» What is needed
Reproduce every line of the material below, but drop the pictures.

» The data
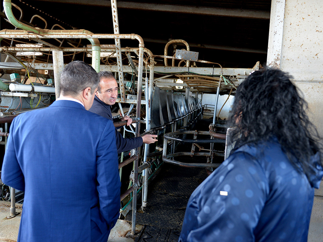 La explotación agropecuaria Hiflomar SAT de Valdemoro está regentada por los hermanos Miguel Ángel, José María y María Jesús Flores López,  que recibieron al primer edil y a los concejales Juan Carlos Vicente y Elsa Fernández-Gil para recorrer las instalaciones de esta granja, ubicada en la avenida de las Canteras, que junto a otras tres ganaderías madrileñas son impulsoras de la primera marca de leche propia de la capital y forman parte de la Cooperativa Lechera Madrileña y de la Asociación Frisonas de Madrid.
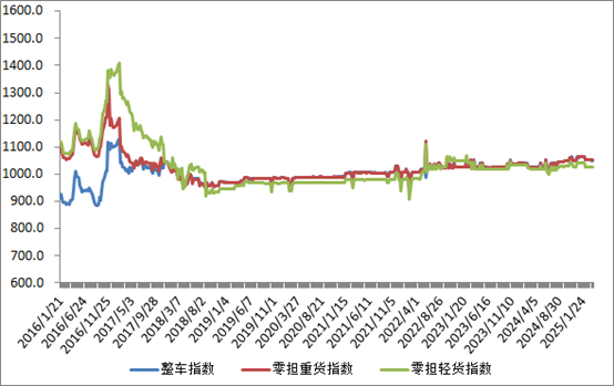 分車型看,各車型指數環比漲跌互現。其中,整車指數為1051.96點,比上周回升0.05%;零擔輕貨指數為1027.37點,比上周回落0.01%;零擔重貨指數為1051.63點,比上周回落0.05%。
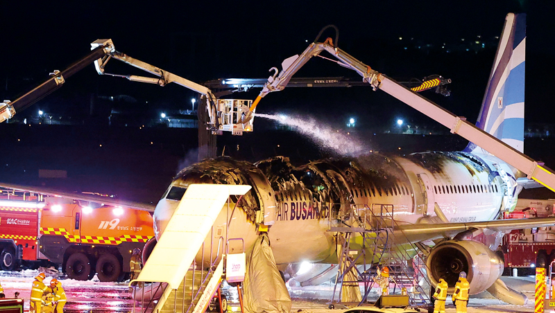 하마터면 무안국제공항의 제주항공 사고에 이은 또 하나의 대형 참사가 일어날 뻔했다. 1월28일 오후 10시25분쯤 김해국제공항 계류장에서 홍콩행 에어부산 항공기 BX391편이 이륙을 준비하고 있었다. 이때 여객기 수화물 선반에서 연기가 나더니 불꽃이 피어오르기 시작했다. 승무원이 긴급하게 기내용 소화기를 들고 선반 쪽으로 향했지만 불길이 빠르게 확산됐다. 기내에 연기가 차면서 시야 확보가 어려웠고, 불은 항공유가 저장된 날개 부분으로 확산되고 있었다. 승무원은 소화기를 사용하는 대신 승객들 대피가 급하다고 판단하고 탑승객들을 탈출시

» Output below
 La explotación agropecuaria Hiflomar SAT de Valdemoro está regentada por los hermanos Miguel Ángel, José María y María Jesús Flores López,  que recibieron al primer edil y a los concejales Juan Carlos Vicente y Elsa Fernández-Gil para recorrer las instalaciones de esta granja, ubicada en la avenida de las Canteras, que junto a otras tres ganaderías madrileñas son impulsoras de la primera marca de leche propia de la capital y forman parte de la Cooperativa Lechera Madrileña y de la Asociación Frisonas de Madrid.
 分車型看,各車型指數環比漲跌互現。其中,整車指數為1051.96點,比上周回升0.05%;零擔輕貨指數為1027.37點,比上周回落0.01%;零擔重貨指數為1051.63點,比上周回落0.05%。
 하마터면 무안국제공항의 제주항공 사고에 이은 또 하나의 대형 참사가 일어날 뻔했다. 1월28일 오후 10시25분쯤 김해국제공항 계류장에서 홍콩행 에어부산 항공기 BX391편이 이륙을 준비하고 있었다. 이때 여객기 수화물 선반에서 연기가 나더니 불꽃이 피어오르기 시작했다. 승무원이 긴급하게 기내용 소화기를 들고 선반 쪽으로 향했지만 불길이 빠르게 확산됐다. 기내에 연기가 차면서 시야 확보가 어려웠고, 불은 항공유가 저장된 날개 부분으로 확산되고 있었다. 승무원은 소화기를 사용하는 대신 승객들 대피가 급하다고 판단하고 탑승객들을 탈출시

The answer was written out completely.